[INTELLIGENT MACHINES]

SeeThings, Shazam for things.

Description

" what if i told you there is an app in the market"<br> -jian yang

Silicon valley is one of the coolest tv show right now in the sense of its too acurate although a bit exaggerated portrayal of software developers.


Particularly one of the most funniest episode was an episode where they create an app which uses machine learning to classify food, but our character jian yang builds a not-hotdog app which just classifies food as being hotdog or not hotdog. Jian yang has always been an odd character and kudos to jimmy o yang for portraying this but this inspired me to build my own app that classifies things.


Having worked with android studio for building a simple attendance and notes manager i always wanted to build an app on react-native which recently has turned out to be the go to method for building scalable apps fast so what better way to build an app that predicts things as my first app. I got inspiration for this by reading this article from the dev who made the app for the show.



SeeThings v1


Since i wanted a general purpose classification app so what better network to use than a pretrained network on a 1000 categories already. I had a vision for it in mind, for it to be as closely resembling to the not hotdog app but still having its originality. I used a pretrained MobileNet from keras and wanted to use it along with tensorflow js but tensorflow js wasnt supported for react native. Then, i moved on to using react native tensorflow, a wrapper around tensorflow lite module but it wasnt updated for the recent react native version and uppon recieving no updates from the community, i decided to move on to using a server based solution for solving this problem.

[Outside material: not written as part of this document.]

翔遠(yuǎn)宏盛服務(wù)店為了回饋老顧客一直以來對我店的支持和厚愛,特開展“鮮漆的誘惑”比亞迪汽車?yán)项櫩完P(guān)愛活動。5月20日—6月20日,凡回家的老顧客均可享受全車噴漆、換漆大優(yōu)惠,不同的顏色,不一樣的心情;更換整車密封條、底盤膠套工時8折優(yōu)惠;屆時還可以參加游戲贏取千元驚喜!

As of now v1 of the app uses server side hosting of the model on heroku to predict objets. which at times can be a cool game just to see what the model saw in the image to classify that object.
Edit : I recently, had a talk with Tim anglade, the developer of the app and he suggested that i make a javascript wrapper over tensorflow lite java implementation and use my model directly offline instead of server. So v1 will see quite a few changes in both overall working and ui.

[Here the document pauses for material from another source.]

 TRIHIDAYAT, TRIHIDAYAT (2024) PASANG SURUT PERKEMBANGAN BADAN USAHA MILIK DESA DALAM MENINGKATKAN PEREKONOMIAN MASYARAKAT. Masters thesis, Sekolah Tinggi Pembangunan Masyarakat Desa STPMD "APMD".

A Very quick Overview of how i made the app:


  • I initially decided for how the app was supposed to work, there were 4 screens i had in mind, the start screen, the camera screen, the result screen and the past results screen
  • used a pretrained mobilenet model on keras and hosted on heroku using flask (will move on to a better server in v2 or offline support).
  • initialised components for each screen and coded the associated behavior that every part is supposed to do
  • used react-native-camera module to create a new camera screen with options like flash and swapping camera and auto zoom
  • passed the image using base64 from client side and display the image along with the results on the result screen.
  • wused the past results screen to store the previous results and share the results ( to be applied in v2)
  • mapping emojis to all the categories( to be applied in v2) and displaying it along with the object class.
  • wuse different models and get a good tradeoff between size and acuracy.